--- Exercise inputs ---

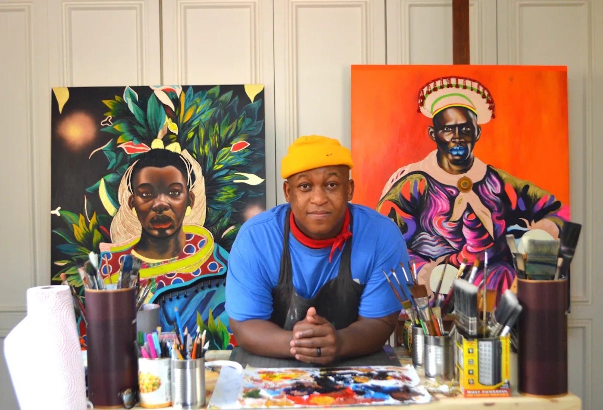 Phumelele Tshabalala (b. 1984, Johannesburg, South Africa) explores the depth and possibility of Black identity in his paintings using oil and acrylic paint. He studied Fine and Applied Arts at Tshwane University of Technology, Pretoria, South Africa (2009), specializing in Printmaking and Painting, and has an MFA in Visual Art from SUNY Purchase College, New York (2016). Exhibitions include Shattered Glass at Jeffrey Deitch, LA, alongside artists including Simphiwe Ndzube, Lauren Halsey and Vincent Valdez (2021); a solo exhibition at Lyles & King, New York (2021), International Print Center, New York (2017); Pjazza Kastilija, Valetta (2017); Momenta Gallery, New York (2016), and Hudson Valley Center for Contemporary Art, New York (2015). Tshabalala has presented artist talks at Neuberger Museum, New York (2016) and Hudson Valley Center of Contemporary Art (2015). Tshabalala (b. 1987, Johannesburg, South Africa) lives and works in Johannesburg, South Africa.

---
--- Exercise inputs ---

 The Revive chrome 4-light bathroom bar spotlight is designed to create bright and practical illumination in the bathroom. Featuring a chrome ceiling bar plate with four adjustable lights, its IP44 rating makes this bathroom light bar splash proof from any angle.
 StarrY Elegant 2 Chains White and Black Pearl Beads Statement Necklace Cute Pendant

---

Which lines above run from the one containing "The Revive chrome" down to the one containing "StarrY Elegant 2"? Repeat exactly those, both ends included, and nothing else.

#### Answer to this task
 The Revive chrome 4-light bathroom bar spotlight is designed to create bright and practical illumination in the bathroom. Featuring a chrome ceiling bar plate with four adjustable lights, its IP44 rating makes this bathroom light bar splash proof from any angle.
 StarrY Elegant 2 Chains White and Black Pearl Beads Statement Necklace Cute Pendant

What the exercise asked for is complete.